Yadira Villaseñor (right), chief of party for the USAID HIV Care and Treatment Project, stands with health workers outside of Hospital de Puerto Barrios in Izabal, Guatemala. The project works with teams of health workers, including community health workers identified by community organizations we partner with, to deliver high-quality HIV services to more people in Central America. Photo by Levi Dieguez for IntraHealth International.

Communities are at the forefront of progress in the HIV response.

The UNAIDS theme for World AIDS Day this year is Let Communities Lead. A new report highlights that communities living with, at risk of, or affected by HIV are at the forefront of progress in the HIV response, including connecting people to HIV services, and calls for more action to enable and support communities in their leadership roles.

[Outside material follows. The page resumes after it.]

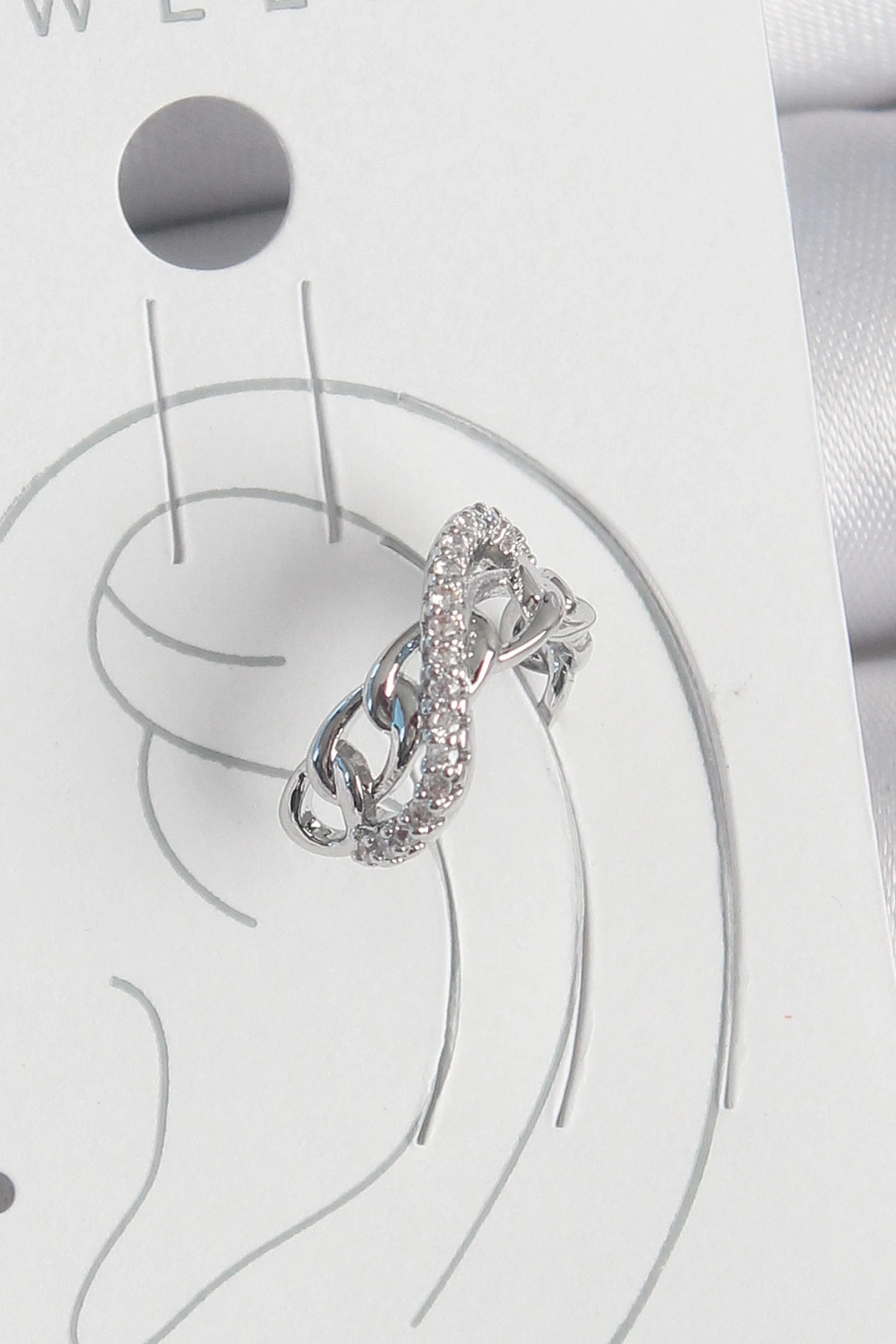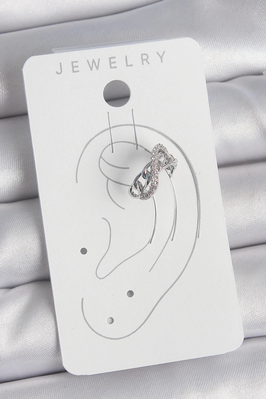 Dodes Dodes Pirinç Gümüş Renk Zirkon Taşlı Zincir Sonsuzluk Model Kadın Kıkırdak Küpe TG27BKP10553

We sat down with Yadira Villaseñor, IntraHealth’s Central America regional director and the head of one of our largest HIV programs, to find out how her team is collaborating with communities, community organizations, and community health workers (CHWs) to reach more clients with HIV services.

Villaseñor is the chief of party for the five-year USAID HIV Care and Treatment Project in El Salvador, Guatemala, Honduras, and Panama. According to 2022 data via UNAIDS, 103,000 people in these four countries are living with HIV and 31% are not on antiretroviral therapy (ART). The project focuses on training and equipping health workers to deliver high-quality HIV care and treatment, reducing stigma toward key populations (KPs) and people living with or at risk for HIV, and improving adherence to ART.

Q: How is the USAID-funded HIV Care & Treatment Project partnering with communities in Central America to increase access to stigma-free HIV services and help more people living with HIV receive treatment?

In Central America, the HIV epidemic is concentrated among KPs—men who have sex with men, transgender women, and sex workers. Stigma and discrimination, limited access to health care (including HIV prevention initiatives), and migration make the region vulnerable to a growing HIV epidemic. Our project provides technical and financial support to local community organizations that work with these KPs. This year we have sub agreements with five local NGOs, and we meet with them weekly.

Through the community organizations, we identify KP peers in these communities to be trained as CHWs and link them to facilities and implement community outreach activities.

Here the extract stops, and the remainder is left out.